22. Use of Bellagio employee cafeteria is prohibited.
23. Production is required to provide identification badges for all technical personnel.
24. All wireless R.F. systems to be used will require prior authorization to avoid having
frequency interruptions with Bellagio operations.
25. All outside contractors are responsible for following all OSHA regulations while on
the Bellagio property. Specifically: proper work clothes, shoes, tools, and fall arrest
equipment.
26. Mechanical equipment, such as scissor lifts and forklifts, are to be operated by
qualified personnel. OSHA requires that only certified drivers operate lift trucks.
This policy is strictly enforced.
27. The CTS Department does not handle or transport freight. An exhibit company
should handle all freight associated with exhibits. Small packages and/or items less
than one hundred pounds can be handled through the Bellagio Business Services
Center.
28. All semi trucks, cranes, and heavy equipment entering the Bellagio property must
have a clearance height not to exceed sixteen feet if using the Harmon entrance,
and twelve feet if using the arena pre-staging area. This is necessary in order to
clear our tram track.
29. All tents, canopies, temporary membrane structures, grandstands, and bleachers
require permits and must comply with CCFD regulations.
30. All electrical power and distribution equipment is billed on a daily basis, unless
otherwise specified. The ampere rating of the circuit is equal to the dollar amount.
In cases where high- end power is utilized, each phase will be probed to determine
the total amount of amperage to be billed.


----------



## len (Jul 10, 2008)

I only skimmed it, but it's allowed, not aloud. The former has to do with permission, the latter with speaking.


----------



## Oobleck1441 (Jul 10, 2008)

derekleffew said:


> I can't quite explain why, but the above is some of the most difficult to comprehend prose ever I have read. Please have an English teacher have a go at editing it so that it makes cents!

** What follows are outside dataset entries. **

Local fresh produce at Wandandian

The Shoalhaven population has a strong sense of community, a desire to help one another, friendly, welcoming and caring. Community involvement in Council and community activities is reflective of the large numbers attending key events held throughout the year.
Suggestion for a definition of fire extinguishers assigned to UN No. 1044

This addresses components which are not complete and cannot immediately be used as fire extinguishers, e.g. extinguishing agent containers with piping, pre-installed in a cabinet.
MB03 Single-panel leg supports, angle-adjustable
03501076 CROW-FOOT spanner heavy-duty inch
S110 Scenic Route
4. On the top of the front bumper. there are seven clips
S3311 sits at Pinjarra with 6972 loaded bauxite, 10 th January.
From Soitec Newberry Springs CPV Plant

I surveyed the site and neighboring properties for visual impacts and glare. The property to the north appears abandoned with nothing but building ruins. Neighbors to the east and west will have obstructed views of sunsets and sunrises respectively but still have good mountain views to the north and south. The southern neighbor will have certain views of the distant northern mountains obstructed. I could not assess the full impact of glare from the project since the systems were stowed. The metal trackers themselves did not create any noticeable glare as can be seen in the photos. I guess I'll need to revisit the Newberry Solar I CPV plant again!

Ohh My! this is no where near being finished, I was aware of that too!
Nor is it proper english. It was just some quick notes I took that people were mentioning in the meeting another day. I couldn't wait long enough to get the final set of notes, so i typed mine down quickly. Thanks for the reality check though!


----------



## jwl868 (Jul 10, 2008)

Details
Periods at end of sentences.
Is “community Ed” understood by any potential user?
Is there an individual (name and/or title) or department for the central office? Would non-school group users know what that is?

Some things to think about:
Make sure there really is only one calendar and that only one person has access to it. 

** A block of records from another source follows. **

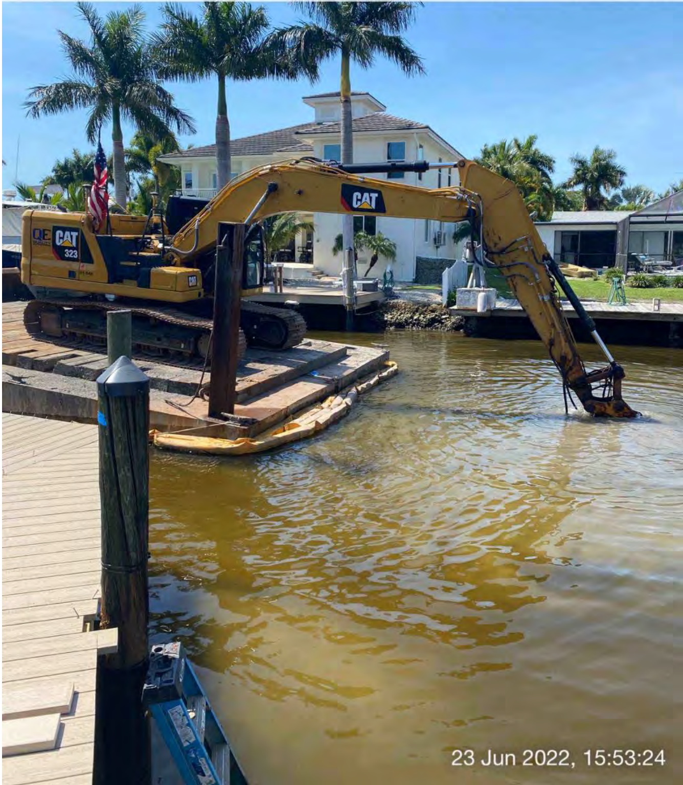
323 excavator grinding rock at station 5+00

☉ 342°N (T) ● 26°8'4"N, 81°47'10"W ±26ft ▲ 8ft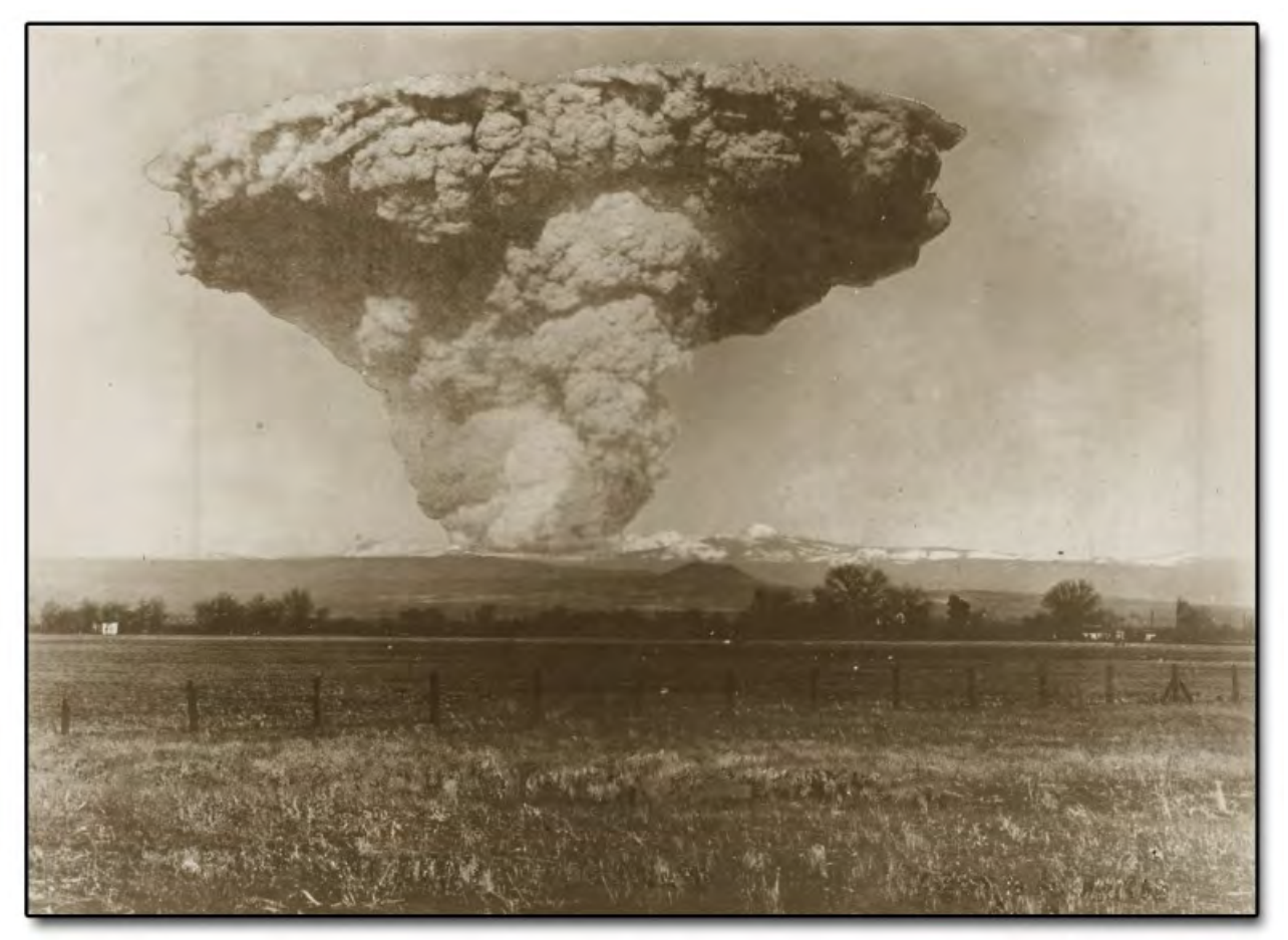
May 22, 1915 eruption viewed from Anderson, California.

into Lost Creek and Hat Creek. The lower Hat Creek Valley became flooded and the few people that were there escaped to safety before their homes were destroyed.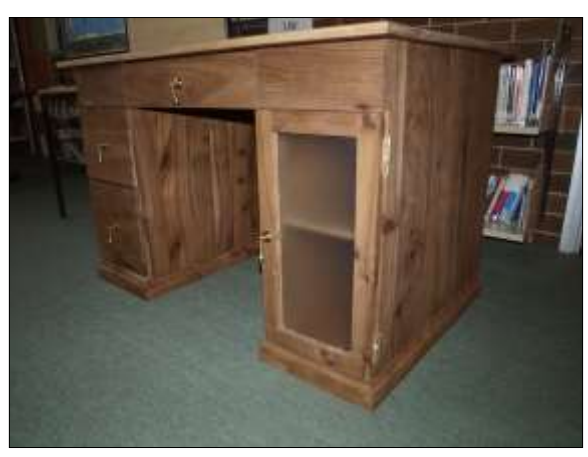
Desk - Sally Attreed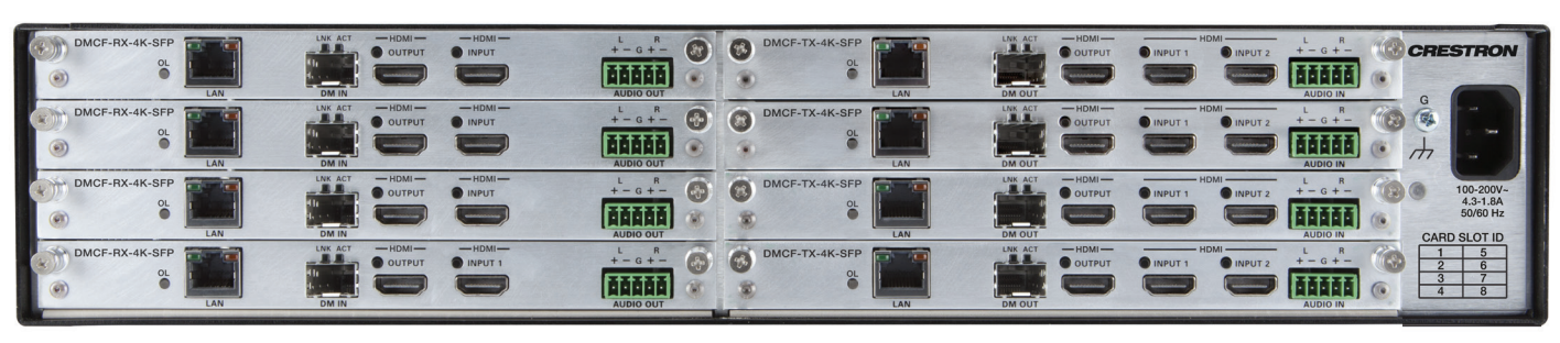
DMF-CI-8 — Rear View with Cards Installed

If your school district calendar is set (and I suspect it is by now), you may want to freeze out some dates now. How were things done before? It may be worth taking some initiative and contact the band director, drama department director, etc (and any of the other significant and priority users of the facility). 


Billing rates and fees, and where/how to pay the bill would be helpful.

Include point of contact for technical questions.

Can non-school groups use the facility? 



Check the websites of other schools – see what they have. (I'll PM some links to you for a few schools around here.)


Joe


----------



## ruinexplorer (Jul 11, 2008)

Absolute importance, check your insurance policies! What must the rental company provide? What is covered for educational use? Are certain activities restricted?

Unless it's strictly a worklight only type of use, I would require support staff. Beyond safety issues, you want to protect your property, which includes softgoods. It stinks when you get a bunch of new goods and they get torn and no one knows how or why it happened. You want to know the procedure for repairs before something is damaged.


----------



## Sayen (Jul 16, 2008)

I have around 12 pages or so that renters at my school are required to sign and read - I would be VERY detailed if I were you. I have three documents - the first is a list of rules, which basically says the renter can't do anything unless I allow it. This ensures that they understand that even as renters, I am in charge, and the district has the final say. 

The second document is a detailed stage drawing that shows the desired setup, as most groups want something in the order of a table, chairs, etc. This document also lists lighting and sound requests, and requires them to list any equipment they are bringing into my space (no more confetti cannons!).

The third document is similar to other technical riders, and I only give it to professional theater groups. It lists dimensions, available equipment, and operating procedures, broken down by area.

Be extremely detailed in your rental documents, and if possible have a district lawyer look over them. You're on the right track. Two suggestions I would make:

- Your local auditorium manager should schedule the auditorium, no the district community rep, if at all possible. That way you can arrange blackout times for setup and work around other calendar events. For example, good luck renting the auditorium on a weekend I am out of town with students on a field trip.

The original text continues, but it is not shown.